Generative Large Language Models for Detection of Speech Recognition Errors in Radiology Reports.

机构信息

From the Department of Medical Imaging, Western Health, Footscray, Australia (R.A.S., L.L., W.L.); Alfred Health, Harrison.ai, Monash University, Clayton, Australia (J.C.Y.S.); Department of Surgery, Western Precinct, University of Melbourne, Melbourne, Australia (K.C., J.Y.); and Department of Surgery, Western Health, Melbourne, Australia (J.Y.).

出版信息

Radiol Artif Intell. 2024 Mar;6(2):e230205. doi: 10.1148/ryai.230205.

Abstract

This study evaluated the ability of generative large language models (LLMs) to detect speech recognition errors in radiology reports. A dataset of 3233 CT and MRI reports was assessed by radiologists for speech recognition errors. Errors were categorized as clinically significant or not clinically significant.

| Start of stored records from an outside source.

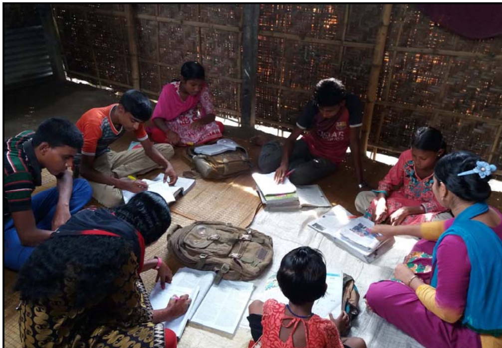
Tuition class going on in Churamankati Community...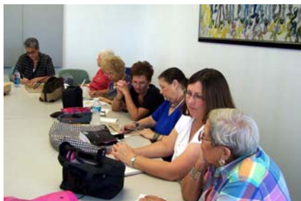
SE Chapter Meeting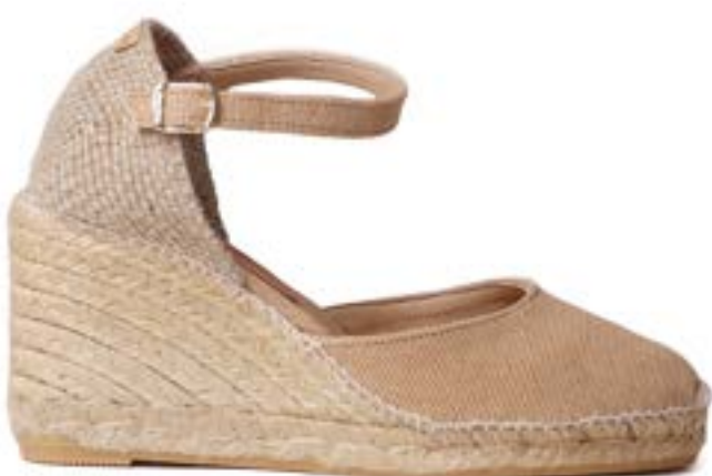
PIPER-GY TOBACCO $160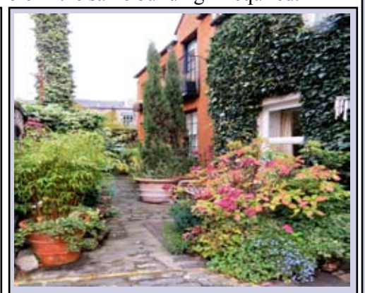
One of the joys of meandering in Edinburgh is chancing upon sylvan scenes reminiscent of Provence or paintings by Cézanne or Bonnard. This glorious concoction is the work of an inspired resident in Nelson Place. Even the ivy-clad telegraph pole is a thing of art.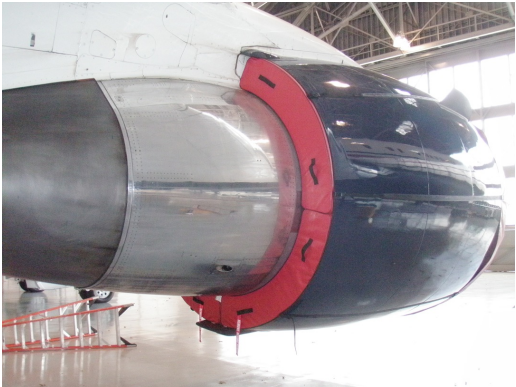
Boeing 767 Exhaust Plugs Ship Set, incl. Fan Thrust Reverser and Exhaust Plugs P/N: B767-200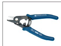
Jacket remover JR-M03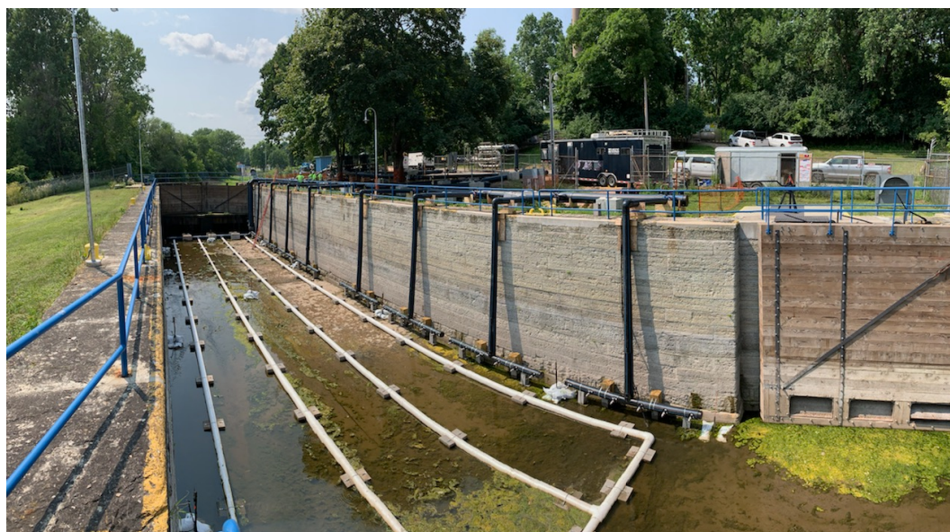
Fig. 4. Installation of an experimental carbon dioxide (CO 2 ) deterrent system at lock #2 on the River Fox near Kaukauna, Wisconsin. Photograph shows gas distribution piping on bottom and side of lock chamber. This system was temporarily installed for research purposes in 2019 to evaluate gas system engineering and performance within navigation lock chambers.

currently exist (Fig. 4; Zolper et al. 2019). One common method uses differential pressures to infuse CO 2 into water. Water from the lock is pumped into a pressurized mixing chamber while CO 2 at a slightly higher pressure is simultaneously injected into the mixing chamber to achieve supersaturated concentrations (e.g. 1,000-2,000 mg/L) prior to being distributed back to the lock. This recirculating process continues until complete mixing and target CO 2 concentrations in the lock are achieved. A second method involves direct gas injection within the application site. Carbon dioxide gas is applied directly into water via aeration using microbubble porous diffusers. Liquid CO 2 storage systems coupled with gas vaporization make either application system viable for large-scale application. Both CO 2 injection methods are used worldwide for wastewater and effluent water treatment processes and have been adapted to control invasive carps (Zolper et al. 2019).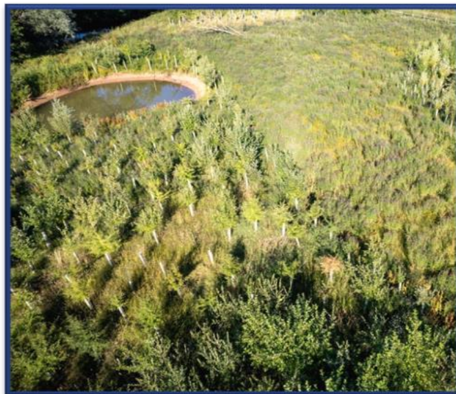
Undertaking non-intrusive environmental surveys

In North Warwickshire, we will be undertaking non-intrusive environmental surveys where we observe, measure and take notes and photographs of the local environment and ecology in woodlands, waterways, buildings, agricultural land and archaeological or heritage sites. We will assess and monitor water levels in our balancing ponds and may occasionally use pumps to manage seasonal increases. We will additionally be hydroseeding areas of our sites where we have paused earthworks to control soil erosion. Hydroseeding is a planting process that uses a combination of seed and mulch. It is an alternative to traditional methods like sowing dry seeds.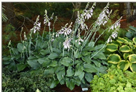
Krossa Regal Hosta in bloom

Krossa Regal Hosta will grow to be about 3 feet tall at maturity extending to 4 feet tall with the flowers, with a spread of 4 feet. When grown in masses or used as a bedding plant, individual plants should be spaced approximately 4 feet apart. Its foliage tends to remain dense right to the ground, not requiring facer plants in front. It grows at a medium rate, and under ideal conditions can be expected to live for approximately 10 years. As an herbaceous perennial, this plant will usually die back to the crown each winter, and will regrow from the base each spring. Be careful not to disturb the crown in late winter when it may not be readily seen!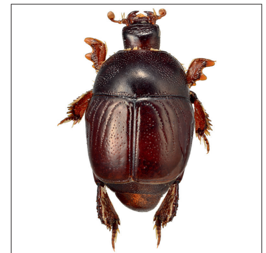
Exaesiopus therondi Lackner, sp. n.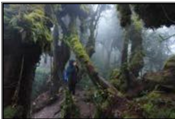
Figure 3.3: Documentation Process by Researcher

Fine arts photography is one of a genre in photography. It allows anyone with a creative mind to express the ideas without being bogged down with the technique. Message is always the first and foremost idea that relate with this type of documentation. Sustaining natural heritage through this medium plays an important role in conveying the message to the audience on how important to maintain the present for future generations. More significantly, the visual informations can create emotional and psychological feelings that may provide awareness through audience's eyes. The skills, techniques and equipments on the image-maker give angle of view more interesting and alive through photographic readings. This is a suggestion of how photography may possibly become significant by the deep unity of its method with those of any art. It would see tools as the untrained human eye could not, it could instruct the human eye and mind and finally it could produce healthy art form. By the use of certain lenses, the proportions appear right quantitatively, and by fine arts feeling for relation for rhythm and for space, it can obtained results which are rare and dignified.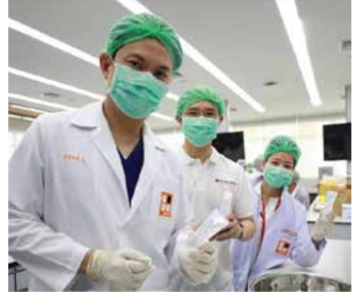
< Making KMITL GO Alohol gel for the community to help fight COVID-19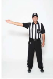
ONSIDE OR LATERAL PASS pointing in the direction the ball was thrown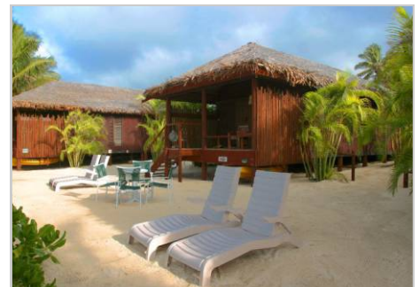
Look out to the lagoon from your bungalow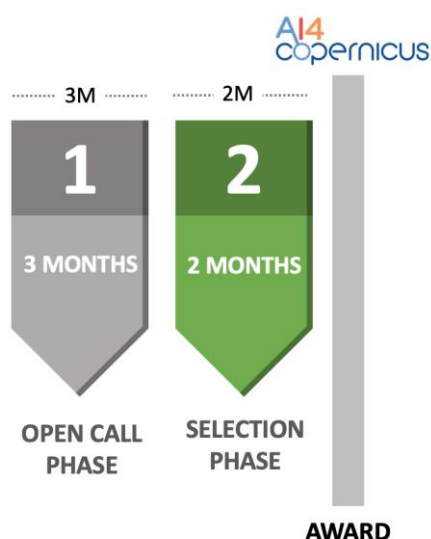
Figure 2: Open Call Phases for Individuals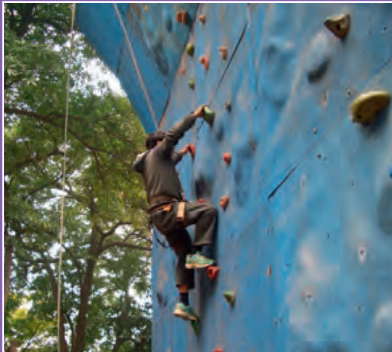
Rock climbing at the Indian Mountaineering Foundation, New Delhi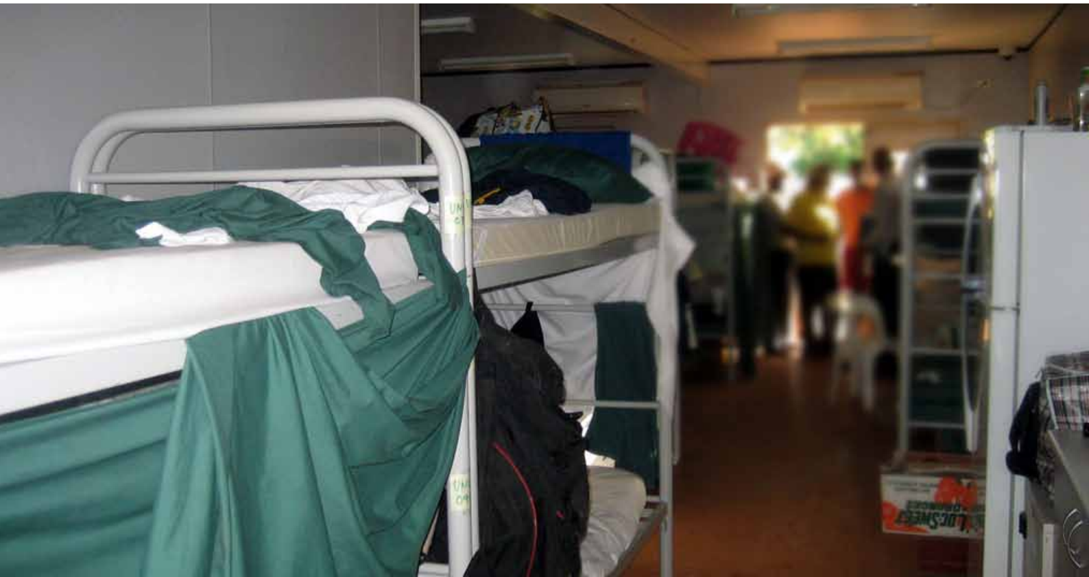
Dormitory bedroom, Curtin IDC.

Performances of five generative LLMs-GPT-3.5-turbo, GPT-4, text-davinci-003, Llama-v2-70B-chat, and Bard-were compared in detecting these errors, using manual error detection as the reference standard. Prompt engineering was used to optimize model performance. GPT-4 demonstrated high accuracy in detecting clinically significant errors (precision, 76.9%; recall, 100%; F1 score, 86.9%) and not clinically significant errors (precision, 93.9%; recall, 94.7%; F1 score, 94.3%). Text-davinci-003 achieved F1 scores of 72% and 46.6% for clinically significant and not clinically significant errors, respectively. GPT-3.5-turbo obtained 59.1% and 32.2% F1 scores, while Llama-v2-70B-chat scored 72.8% and 47.7%. Bard showed the lowest accuracy, with F1 scores of 47.5% and 20.9%. GPT-4 effectively identified challenging errors of nonsense phrases and internally inconsistent statements. Longer reports, resident dictation, and overnight shifts were associated with higher error rates. In conclusion, advanced generative LLMs show potential for automatic detection of speech recognition errors in radiology reports. CT, Large Language Model, Machine Learning, MRI, Natural Language Processing, Radiology Reports, Speech, Unsupervised Learning .

摘要

本研究评估了生成式大型语言模型(LLM)检测放射科报告中语音识别错误的能力。由放射科医生评估了 3233 份 CT 和 MRI 报告的语音识别错误。将错误分为临床显著和非临床显著两类。使用手动错误检测作为参考标准,比较了五种生成式 LLM(GPT-3.5-turbo、GPT-4、text-davinci-003、Llama-v2-70B-chat 和 Bard)在检测这些错误方面的性能。使用提示工程来优化模型性能。GPT-4 在检测临床显著错误(精确率 76.9%,召回率 100%,F1 得分为 86.9%)和非临床显著错误(精确率 93.9%,召回率 94.7%,F1 得分为 94.3%)方面表现出了很高的准确性。text-davinci-003 在检测临床显著和非临床显著错误方面的 F1 得分分别为 72%和 46.6%。GPT-3.5-turbo 的 F1 得分分别为 59.1%和 32.2%,而 Llama-v2-70B-chat 的 F1 得分为 72.8%和 47.7%。Bard 的准确性最低,F1 得分分别为 47.5%和 20.9%。GPT-4 能够有效地识别出无意义短语和内部不一致语句等具有挑战性的错误。较长的报告、住院医师听写和夜间轮班与更高的错误率相关。总之,先进的生成式 LLM 显示出在放射科报告中自动检测语音识别错误的潜力。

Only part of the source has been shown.